The method of claim 1,
The compound represented by Formula 1 is characterized in that the halogen substituent is fluorine.
Battery electrolyte.
The method of claim 1,
The compound represented by Formula 1 is characterized in that it is contained in an amount of 0.1 to 10% by weight based on the total 100% by weight of the electrolyte.

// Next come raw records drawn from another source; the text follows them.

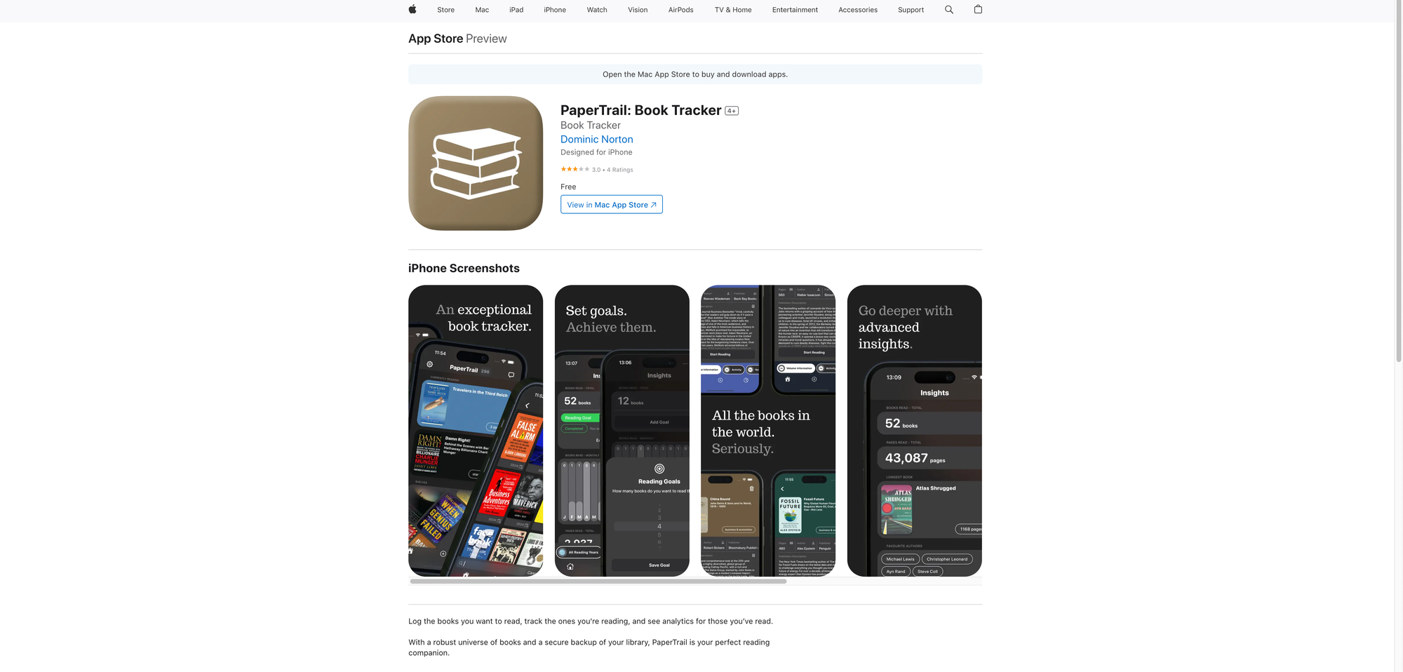 I would not consider PaperTrail a full-fledged Goodreads alternative, since it does not feature the social aspect of book tracking at all, but it rather gives you a private and personal space to log the books you want to read, track the ones you are currently reading, and see some stats and analytics for the ones you have read already. PaperTrail is available for iOS and features a modern design which makes it a joyful experience adding new books you would like to read in the future. As of writing this, the most recent app update has been shipped two months ago, so it seems like the app is still in active development.
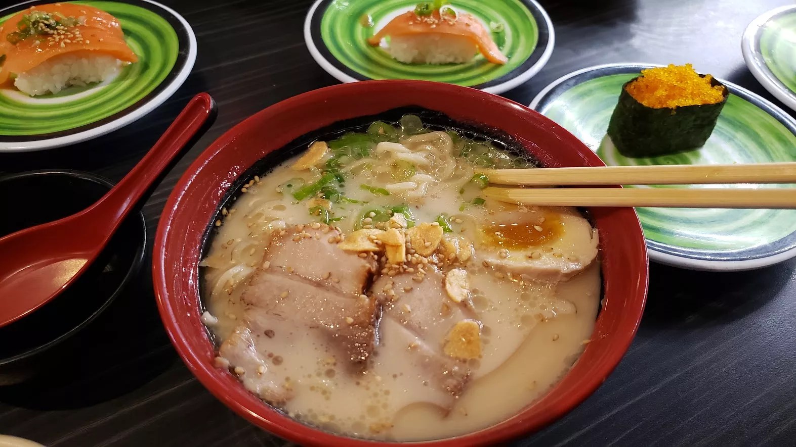 Kura Sushi doesn’t just send fish down the conveyor belt — diners can order a variety of Japanese dishes, including some surprisingly good ramen, served here at the Los Angeles Little Tokyo location.
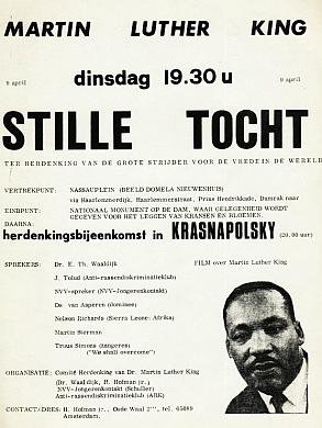 Amsterdam, Comité Herdenking van Dr. Martin Luther King. Poster. 30 x 21 cm. Printed on one side. With a photo. Unfolded and very fine. “Silent Procession in commemoration of the great fighter for peace in the world. Amsterdam, Commemoration Committee for Dr. Martin Luther King.” The Silent March led from the statue of Domela Nieuwenhuis on the Amsterdam Nassauplein to the National Monument on Dam Square, after which a memorial meeting was held in Hotel Krasnapolsky with speakers Eugene Waaldijk, Jacques Tolud, Rev. Van Asperen, Nelson Richards, Martin Sterman and Truus Simons (singer). According to the newspapers, approximately 1,000 people took part in this Silent Protest.
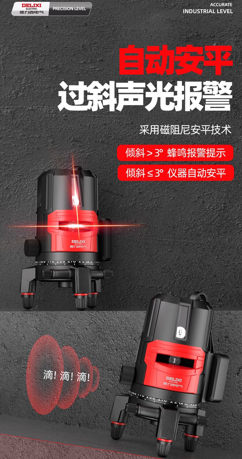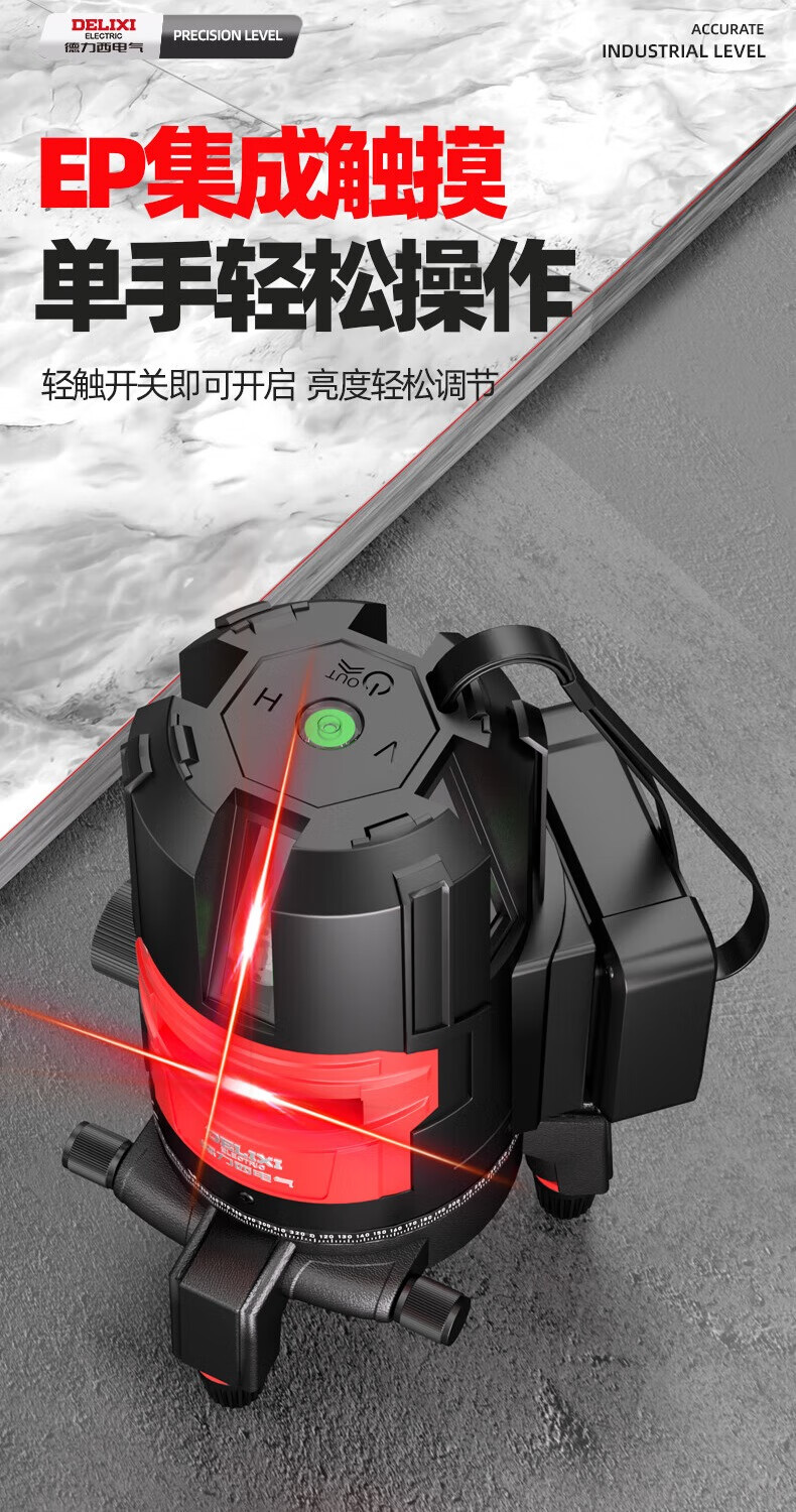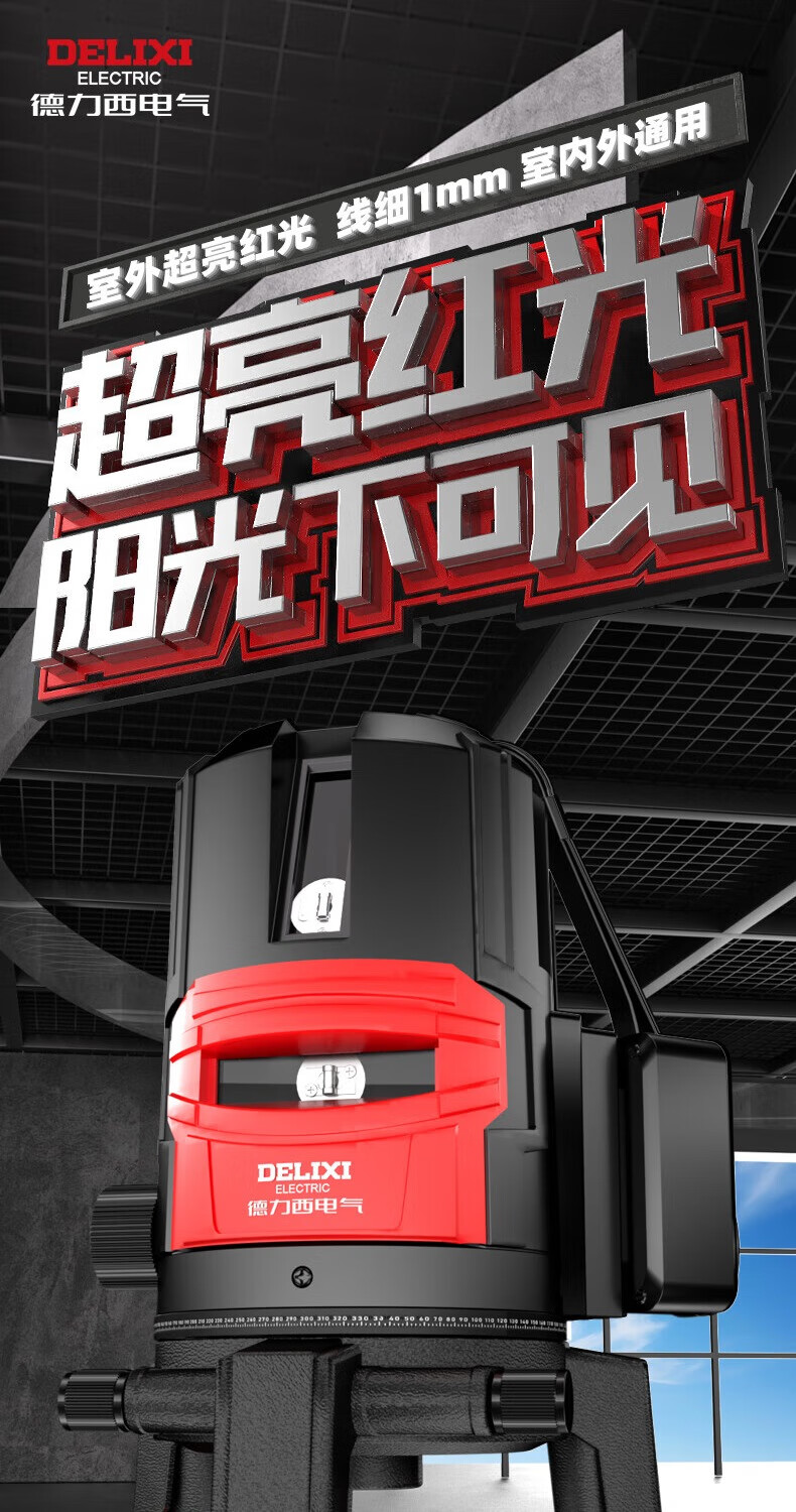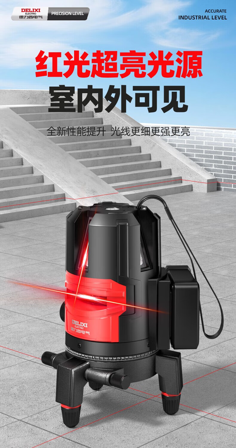 Delixi Electric infrared level meter high-precision strong light thin line automatic leveling green light blue outdoor outdoor construction portable laser outdoor special high-precision red light 5 lines + Big Mac dual power + tripod
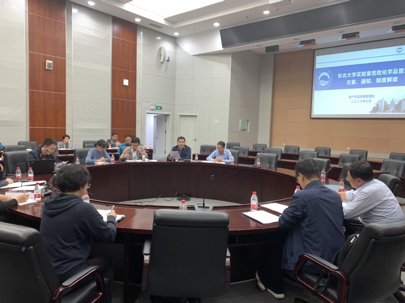 发布时间:2020-09-30 点击次数:790 发布人:9月29日下午,资产与实验室管理处、安委会办公室在主楼824组织召开实验室安全工作会议,布置学校危险化学品安全专项整治工作并落实迎接沈阳市安委会办公室检查工作,各学院、重点实验室主管实验室安全副院长、安全员参加会议。会议由资产与实验室管理处负责人主持。
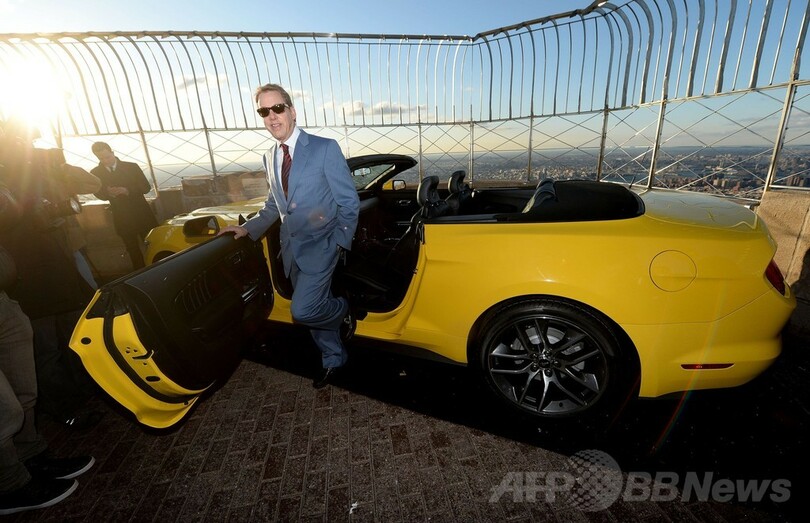 【4月18日 AFP】米自動車大手フォード・モーター(Ford Morter)は16日、名車「マスタング(Ford Mustang)」誕生50周年を記念し、ニューヨーク(New York)のエンパイアステートビル(Empire State Building)86階の展望台に新型の「マスタング・コンバーチブル2015年モデル(2015 Mustang Convertible)」を展示した。
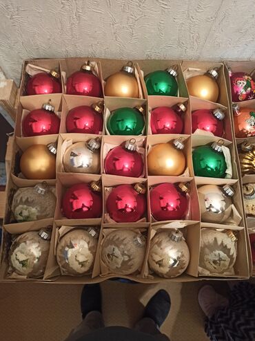 Продаются набор ёлочных украшений (стекло), крупная коллекция в коробках с ячейками.

Battery electrolyte for battery.
The method of claim 1,
The organic solvent is ethylene carbonate (EC), diethyl carbonate (DEC), ethylmethyl carbonate (EMC), dimethyl carbonate (DMC), propylene carbonate (PC), dipropyl carbonate (DPC), butylene carbonate, methylpropyl carbonate And characterized in that it comprises at least one selected from the group consisting of ethylpropyl carbonate
Battery electrolyte.
The method of claim 1,
The lithium salt is LiPF ₆ , LiBF ₄ , LiCl, LiBr, LiI, LiClO ₄ , LiB ₁₀ Cl ₁₀ , LiCF ₃ SO ₃ , LiCF ₃ CO ₂ , LiAsF ₆ , LiSbF ₆ , LiAlCl ₄ , CH ₃ SO ₃ Li, CF ₃ SO ₃ Li and (CF ₃ SO ₂ ) ₂ NLi, characterized in that it comprises at least one selected from the group consisting of
Battery electrolyte.
The method of claim 1,
The metal phosphate-based compound comprises at least one selected from the group consisting of lithium difluoro (bisoxalato) phosphate, lithium tetrafluoro oxalato phosphate, lithium difluorophosphate, and lithium trioxalato phosphate. Characterized by
Battery electrolyte.
A secondary battery comprising a negative electrode, a positive electrode, a separator interposed between the negative electrode and the positive electrode, and an electrolyte,
The lithium secondary battery, characterized in that the electrolyte is the electrolyte according to any one of claims 1 to 6.
The method of claim 7,
The secondary battery is a lithium secondary battery, characterized in that the HPPC charging resistance value is 500Ω or less at 45 ℃.
The method of claim 7,
The secondary battery is a lithium secondary battery, characterized in that the recovery capacity at 45 ℃ 580 mAh or more.
The method of claim 7,
The secondary battery is a lithium secondary battery, characterized in that the lifetime maintenance efficiency at 45 ℃ 80% or more.
The method of claim 7,
The secondary battery is a lithium secondary battery, characterized in that the vehicle battery.